Less easy to forgive is the fact that it's 2nd act is, literally, a ludicrous succession of Deus Ex Machina escapes for Jaguar Paw, as he's aided in his flight from the Mayans by everything from a solar eclipse to a handily-placed viper to an actual Jaguar... all of these mounting coincidences "excused" earlier by... no, I'm not making this up... a plauge-ridden little girl who appears to the Mayans hissing a symbolist prophecy of impending doom. No, really, that's actually what happens.
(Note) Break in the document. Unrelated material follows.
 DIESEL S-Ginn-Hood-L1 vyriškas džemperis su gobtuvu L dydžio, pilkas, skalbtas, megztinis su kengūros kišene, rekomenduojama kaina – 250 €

Let it not be said that Gibson doesn't have an eye for detail: I'm no historian, but the costuming and occutraments of the Mayan bad guys look authentic as hell to me, as does the functionality of their lethally-ingenious weaponry. And the film has great fun (and invites us to join in) showing off the way Jaguar Paw turns his forest surroundings into one big arms cache; lobbing beehive "grenades" at his foes and snatching up a brightly-colored frog to assist him in quickly preparing some poison darts. My personal favorite: A brilliant application of ants in the suturing of a wound. By now, in addition, he's a well-learned stager of action scenes, giving what is essentially a prolonged foot-chase the kinetic thrills of a high-speed pursuit, and he knows how to turn a rain storm into a mini-armageddon in it's own right. And while I've seen more than enough movie moments where childbirth complicates an already-raging action scene, I doubt I've ever seen it quite like this.
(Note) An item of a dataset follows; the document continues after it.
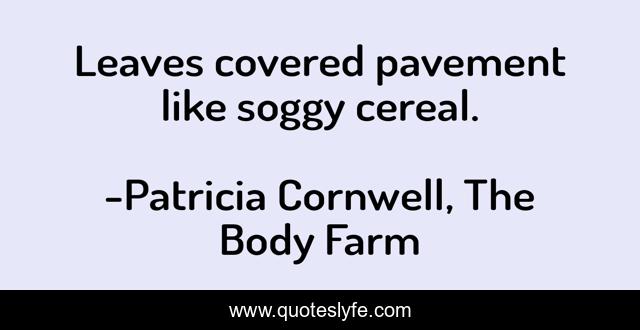 "Patricia Cornwell, The Body Farm Quotes." Quoteslyfe.com, 2025. Sat. 06 Dec. 2025. <https://www.quoteslyfe.com/quote/Leaves-covered-pavement-like-soggy-cereal-257179>.

Putting aside, as best one is able, all the hangups and obsessions of it's maker (be they the ones screamed at police officers or the ones evident in the filmmaking) "Apocalypto" is a one-of-a-kind animal, and that in and of itself qualifies it as something you should seek out. It's as brilliantly-realized a work of mad, hell-bent genius as you're likely to see this year; an action movie with the energy of a madman... crafted by a onetime action movie-star who just might be one himself. Whether or not continued exposure to the deeper and darker corners of the Mind of Mel will be, in the long term, a learning experience or an ordeal for The Cinema as a whole remains to be seen, but this time... THIS time... it's yeilded something genuinely worthy of study.